What to do:
Set down the first line below and each line after it, ending with the one that holds "Slika 5: Crna pjegavost na zelenim mladicama". Pictures do not belong in the copy.

Information shown:
───
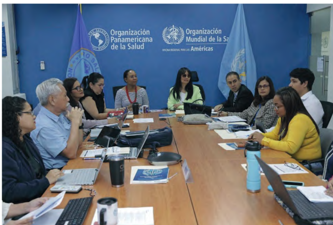
Reuniones para la validación de las líneas de acción de la Estrategia Nacional para la Transformación Digital en Salud

Posterior al taller, la OPS/OMS Panamá, realizó la fase de condensar y esquematizar todas las opiniones y sugerencias aportadas en el MIRO BOARD y la Dirección de Planificación de Salud del MINSA, generó un borrador de la Estrategia de Transformación Digital en Salud para revisión por parte de los comisionados.
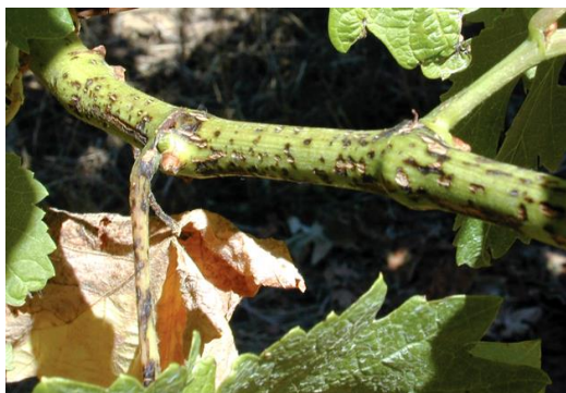
Slika 5: Crna pjegavost na zelenim mladicama

rozgve, a moguće je da bude zahvaćena i cijela rozgva. Tu promjenu boje rozgve uzrokuje micelij gljive koji se razvija ispod kore. Na površini izbjeljenje kore u proljeće se formiraju crne točkice – piknide. Piknidi su lako vidljivi golim okom ( www.vinogradarstvo.com , 2016.).
───
Solution to the exercise:
Reuniones para la validación de las líneas de acción de la Estrategia Nacional para la Transformación Digital en Salud

Posterior al taller, la OPS/OMS Panamá, realizó la fase de condensar y esquematizar todas las opiniones y sugerencias aportadas en el MIRO BOARD y la Dirección de Planificación de Salud del MINSA, generó un borrador de la Estrategia de Transformación Digital en Salud para revisión por parte de los comisionados.
Slika 5: Crna pjegavost na zelenim mladicama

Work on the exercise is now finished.